Our strategy involves minimal trading. Trades are made for contributions and distributions once a year during
annual rebalancing. Beyond these, there is little to no trading. Trading tends to diminish returns through fees,
taxes, and performance chasing. We do as little trading as possible.
Long-term trading is designed to capture return and risk market rates. Due to its nature, the long-term
investment strategy can expose clients to various types of risk that will typically surface at various intervals
when the client owns the investments. These risks include but are not limited to inflation (purchasing power)
risk, interest rate risk, economic risk, market risk, and political/regulatory risk.
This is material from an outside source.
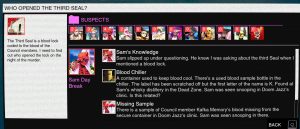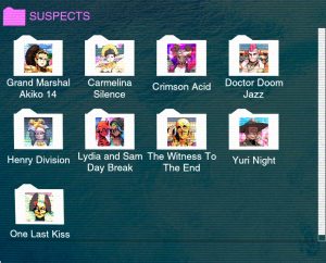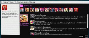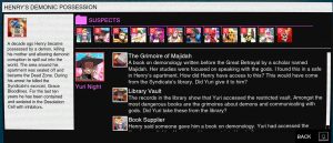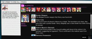 This guide is a checklist of all the crimes, suspects and evidence you need in order to find out the whole story. To be able to interrogate further, you need to increase your friendship level with the suspects. Go to them and choose to hang out, wait a few minutes and do it again. Reach max hangout level with all 10 characters to get their respective achievements.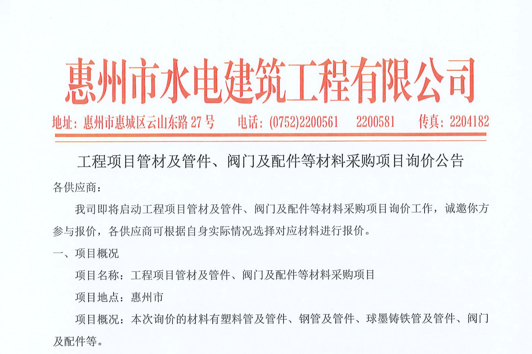 惠州市水電建筑工程有限公司成立于一九六四年四月,隸屬惠州市水務(wù)集團(tuán)有限公司,是一家國(guó)有綜合性施工企業(yè),主營(yíng)水利水電工程、房屋建筑、市政工程等施工業(yè)務(wù)。公司擁有水利水電工程施工總承包一級(jí)、建筑工程施工總承包一級(jí)、市政公用工程施工總承包一級(jí)、公路工程施工總承包三級(jí),公路路基、路面及建筑裝修裝飾專(zhuān)業(yè)承包二級(jí),環(huán)保工程、機(jī)電安裝、河湖整治、輸變電工程專(zhuān)業(yè)承包三級(jí)等經(jīng)營(yíng)資質(zhì)……

Investing in securities involves a risk of loss that you, as a client, should be prepared to bear.
C. Risks of Specific Securities Utilized
Clients should know the material risk of loss using any investment strategy. The investment types listed below
(leaving aside Treasury Inflation-Protected/Inflation-Linked Bonds) are not guaranteed or insured by the FDIC
or any other government agency.
Mutual Funds: Investing in mutual funds carries the risk of capital loss; thus, you may lose money investing in
mutual funds. All mutual funds have costs that lower investment returns. The funds can be of bond “fixed
income” nature (lower risk) or stock “equity” nature.
An equity investment generally refers to buying shares of stocks in return for receiving a future payment of
dividends and capital gains if the value of the stock increases. The value of equity securities may fluctuate in
response to specific situations for each company, industry conditions, and the general economic environments.
Fixed income investments generally pay a return on a fixed schedule, though the payments can vary. This
type of investment can include corporate and government debt securities, leveraged loans, high yield and
investment-grade debt, and structured products, such as mortgage and other asset-backed securities.
However, individual bonds may be the best-known type of fixed income security. The fixed income market is
generally volatile, and fixed income securities carry interest rate risk. (As interest rates rise, bond prices usually
fall, and vice versa. This effect is usually more pronounced for longer-term securities.) Fixed income securities
also carry inflation risk, liquidity risk, call risk, and credit and default risks for both issuers and counterparties.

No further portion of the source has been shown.